16. Isso aparece exemplarmente naquelas traduções que deveriam possibilitar um diálogo oral, pela intermediação do intérprete, 
entre pessoas de idiomas diferentes. Um intérprete que se limita a reproduzir o que representam na outra língua as palavras e frases 
ditas por um dos interlocutores torna o diálogo incompreensível. O que deve reproduzir não é o que foi dito em seu sentido literal, 
mas o que o outro quis dizer e disse, deixando muita coisa impronunciada. O limite de sua reprodução também deve ganhar o único 
espaço que possibilita o diálogo, isto é, a infinitude interna que convém a todo entendimento. 

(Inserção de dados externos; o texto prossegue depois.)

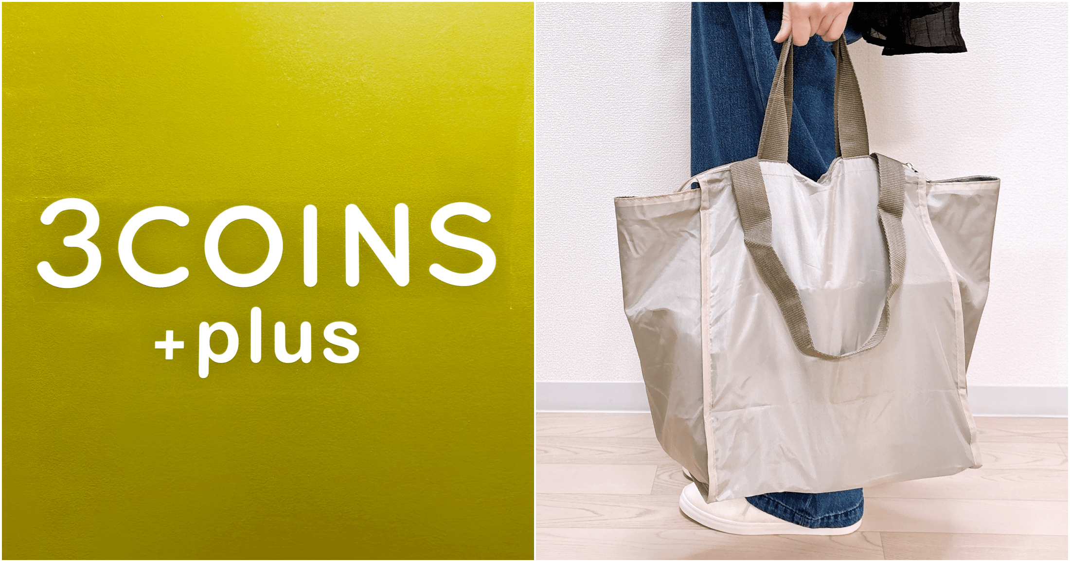 3COINSで、中身がかさばりにくい「大容量エコバッグ」を発見!

17. A linguagem é, pois, o centro do ser humano, quando considerada no âmbito que só ela consegue preencher: o âmbito da 
convivência humana, o âmbito do entendimento, do consenso crescente, tão indispensável à vida humana como o ar que 
respiramos. Realmente o homem é o ser que possui linguagem, segundo a afirmação de Aristóteles. Tudo que é humano deve poder 
ser dito entre nós. 
(GADAMER, H. G. Verdade e Método II. Ed. Vozes, Rio de Janeiro, 2000.)